'
The Mag - The Weekly Magazine by FLASH!

Manual de instruções para machos mal comportados: a história do triângulo Eva, Diogo e Ariana e de como se nega uma traição à frente de um milhão de espectadores

E de repente um país voltou a falar de um reality show como se se tratasse de um episódio de novela, mas no final dos anos 70, quando estas chegaram a Portugal. À conta de uma traição, desenvolvida e mostrada em episódios diários da 'Casa dos Segredos', Cristina Ferreira deu a volta às audiências que estavam aquém do esperado no reality show e pôs meio mundo a opinar sobre Diogo, que se envolveu com Ariana à frente da namorada Eva e de, basicamente, um milhão de espectadores, seguindo a velha cartilha de "macho": negando até ao fim. Mas quem somos nós para julgar um comportamento socialmente aceite desde sempre?...
Luísa Jeremias
Luísa Jeremias
26 de março de 2026 às 21:32
O conflito de Diogo depois de trair namorada em 'Casa dos Segredos'
Ariana, Diogo, Eva
Diogo e Eva
Ariana e Diogo
Diogo e Ariana
Diogo e Eva
Ariana, Diogo, Eva
Diogo e Eva
Ariana e Diogo
Diogo e Ariana
Diogo e Eva

Eva - Então e isso dos boxers? Ela disse que te puxava os boxers para baixo?

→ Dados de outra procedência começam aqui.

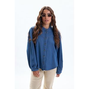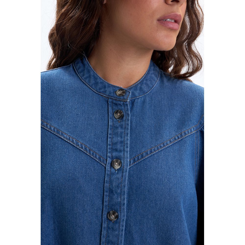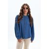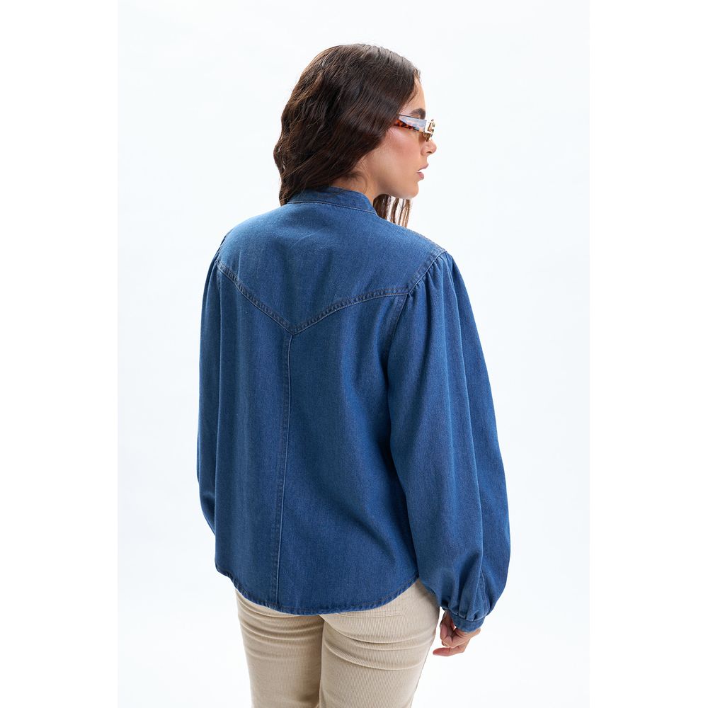CAMISA DE JEAN MANGA GLOBO CON RECORTES AZUL
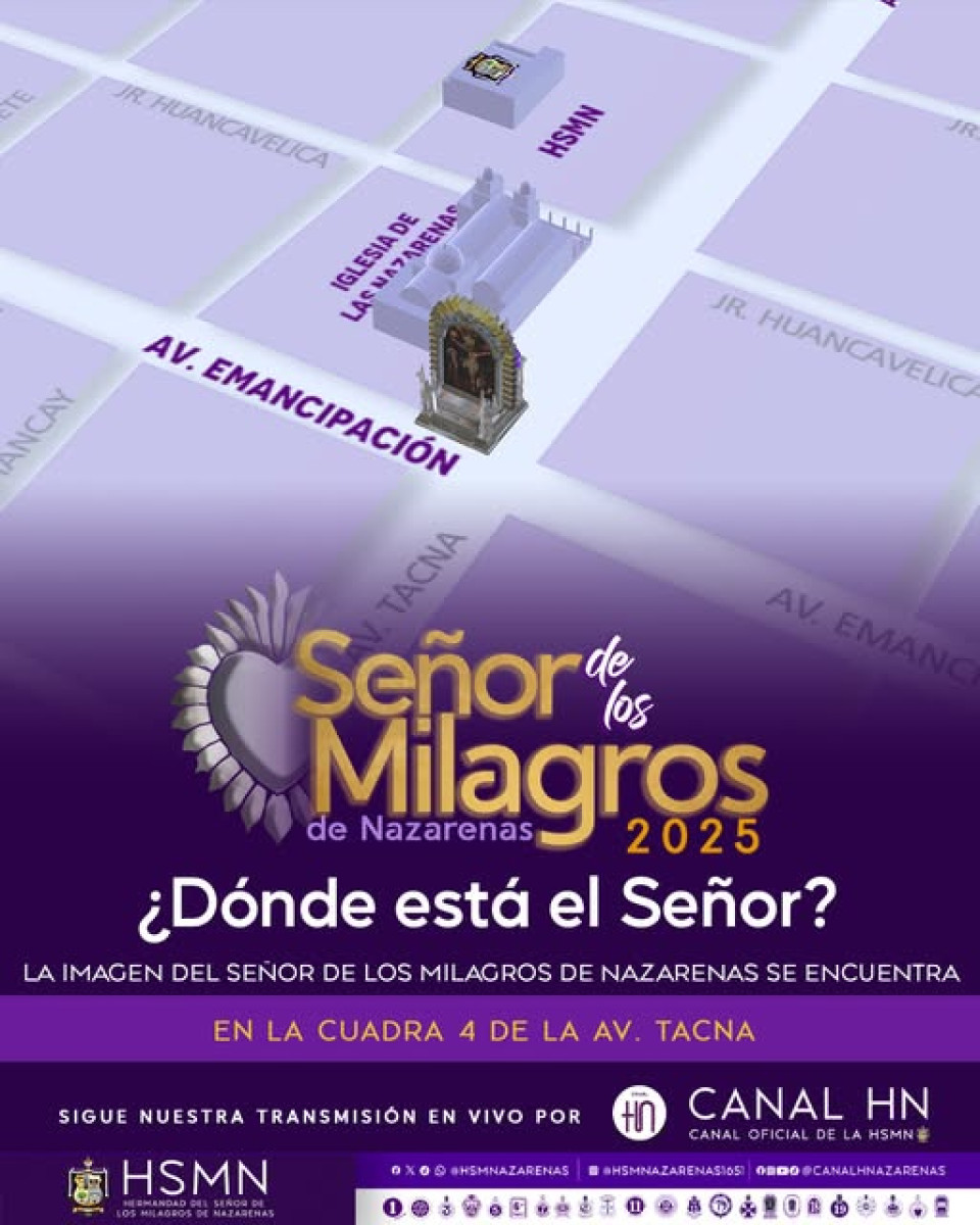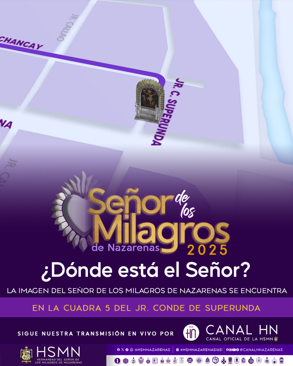 Nazarenas TV, el canal oficial de la Hermandad del Señor de los Milagros, realiza la transmisión completa del primer recorrido este 4 de octubre. Para dirigirte a su canal oficial puedes hacer click AQUÍ.

Diogo - Não disse nada disso. 

Cristina - Está gravado, Diogo.

Eva - Ela disse isso?

Diogo - Não me lembro de nada. 

Diogo olha para baixo e para a frente no estúdio da 'Casa dos Segredos'. Está no confessionário, como se convencionou chamar à sala onde se fala com a "voz" ou com Cristina Ferreira, no exterior. Diogo raramente olha para Eva, a seu lado, sua namorada, que entrou com ele no programa da TVI, partilhando o mesmo segredo: serem namorados. A conversa dos boxers, que os espectadores do programa já tinham visto em imagens passadas ao longo dos "especiais" e "extras" do reality, que o canal vai transmitindo, não é novidade para ninguém que segue a "novela da vida real". Só para Eva. Por isso Cristina questiona Diogo. Afinal, nas imagens ele está deitado numa cama com uma concorrente do programa, Ariana, e a conversa do puxo-não puxo acontece entre os dois. Cristina quer explicações e Diogo dá: não se lembra. Ao longo da mesma conversa com a apresentadora, com Eva ao lado, ainda voltará à história dos boxers para repetir a mesma frase sem ninguém lhe perguntar nada. Não se lembra

A história do trio amoroso não começa nesse momento, mas é então que começa a ter repercussões, ainda distantes do que se "sabe" – ou vê – agora. Dias antes, Diogo tem uma conversa com os rapazes da casa sobre "jogo" – leia-se, como vencer ou pelo menos chegar longe no programa. Ao longo da conversa, ao estilo bocas mandadas para o ar, Diogo ouve elogios sobre o seu comportamento: "Tu és fino", diz um deles ao perceber já muito do que ali se passava – embora agora, todos sofram de amnésia contagiosa e generalizada

Não fossem as redes sociais e o movimento de comentário e repúdio que nestas se criou, não tivesse o segredo do casal sido descoberto e revelado num especial do programa nesta semana, não tivessem as cenas de cama acontecido à frente da namorada que dormia no mesmo quarto, não se tivesse visto esta em lágrimas e ficaríamos por apenas mais uma história de reality show e já está. Só que esta é diferente. Eva viu mas não quis ver – direito dela – , confrontou e decidiu acreditar na palavra do seu homem que preferiu negar e/ou não se recordar – direito dela e também dele – e quando não era possível negar mais nada porque, afinal, é de um programa de televisão "live" que se trata, Eva decidiu proteger e assumir uma espécie de culpa em todo este processo. 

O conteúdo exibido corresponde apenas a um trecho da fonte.